On the walk home from the bus stop I feel so empty. She was a part of me, now there's a gap, waiting for someone to fix it.  I doubt it could ever be filled. No one sat next to me on the bus. I guess they were scared of triggering me by taking "her seat". It's better that way though, I want to be alone. I walk through the door and go immediately to my room, not being able to face anyone right now. As soon as I shut the door behind me, I dissolved into tears. I should've seen it sooner, it's my fault. I could've saved her. She would've listened to me. But could've and should've wont bring her back, nothing will. The enormity of her death settles around me. I will never hear her laugh again, never see her smile. She's never going to touch me again, or sing to me when I'm sad. Who's going to tell me that it's alright? Who can I trust now that she's gone? I want something to hold close, a connection to her. I want to know how she felt in her last moments. Was she thinking of me? Was her death instant? Did she hang there for a while? Did she regret doing it? Is she happy wherever she is now? One question keeps coming back to me though, why? I try to remember the last conversation we had; something about Black Butler? She seemed totally fine then. What happened to make her feel this way? What could happen to make her take her life? A tear slips from my eye as I realize that maybe I didn't know her as well as I thought. She was my best friend, yet I'm as clueless as everyone else. And now I'll never know why, because she's dead. I try to comfort myself as I mentally go over everything I do know about her. 

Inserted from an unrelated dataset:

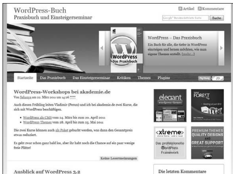
Abb. L1.5: Artikelüberschrift als Permalink

Da in Weblogs der einzelne Artikel im Fokus steht, ist es nur logisch und konsequent, dass der einzelne Artikel über einen langlebigen und eindeutigen Link erreichbar ist. Solche Links nennt man Permalinks. Das Wort Permalink ist die Abkürzung von permanenter Link. Somit ist es möglich, auf den entsprechenden Artikel zu verlinken und diesen in seine Bookmarks (Lesezeichen, Favoriten) aufzunehmen; zwei sehr wichtige Vorteile.

1. She loved bands and anime. . . a lot 

2. Her favorite bands were Bring Me The Horizon, My Chemical Romance, and Twenty One Pilots 

4. She was a Christian

5. She was kind and caring. She would put other peoples happiness above her own 

6. She was majorly emo 

7. She had inky black hair with deep blue highlights, caramel-colored skin, and emerald green eyes   

As the details of Echo and her life come back to me, I'm strangely comforted. She may have died young, but at least she made a difference in the world, which is something some people can go through 80 years of life without doing. I hope that one day I can look back at her life and smile, but right now I miss her so bad. I'd give anything just to see her one last time. Suddenly I feel something cold on my cheek, but when I turn nothing's there. Could it be Echo? No, that's crazy. . .right? The temperature drops and the room becomes a giant icicle. 

"E-echo?" I stammer, half afraid, half hoping she'll respond. I feel one last cool touch, and then everything returns to normal. I secretly smile, completely convinced that she's watching over me from beyond the grave. Even in death she's making me smile.